TASK DIRECTIONS: Only the lines below from the one containing "Creion mecanic 2.0mm, corp" through the one containing "Género textual: artículo" belong in the answer, repeated exactly and without pictures.

PROVIDED ENTRIES:
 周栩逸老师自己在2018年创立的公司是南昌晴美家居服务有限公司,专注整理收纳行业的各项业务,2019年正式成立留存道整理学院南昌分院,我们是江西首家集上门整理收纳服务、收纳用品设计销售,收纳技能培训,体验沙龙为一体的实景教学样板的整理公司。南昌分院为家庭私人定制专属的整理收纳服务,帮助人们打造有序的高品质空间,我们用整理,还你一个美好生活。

...

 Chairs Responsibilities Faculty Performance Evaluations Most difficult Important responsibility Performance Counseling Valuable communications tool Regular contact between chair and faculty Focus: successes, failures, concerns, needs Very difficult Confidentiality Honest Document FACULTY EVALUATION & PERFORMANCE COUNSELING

* * *

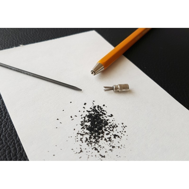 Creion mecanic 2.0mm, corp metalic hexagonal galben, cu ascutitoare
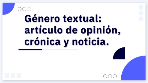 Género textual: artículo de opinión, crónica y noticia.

RESPONSE BOX:
 Creion mecanic 2.0mm, corp metalic hexagonal galben, cu ascutitoare
 Género textual: artículo de opinión, crónica y noticia.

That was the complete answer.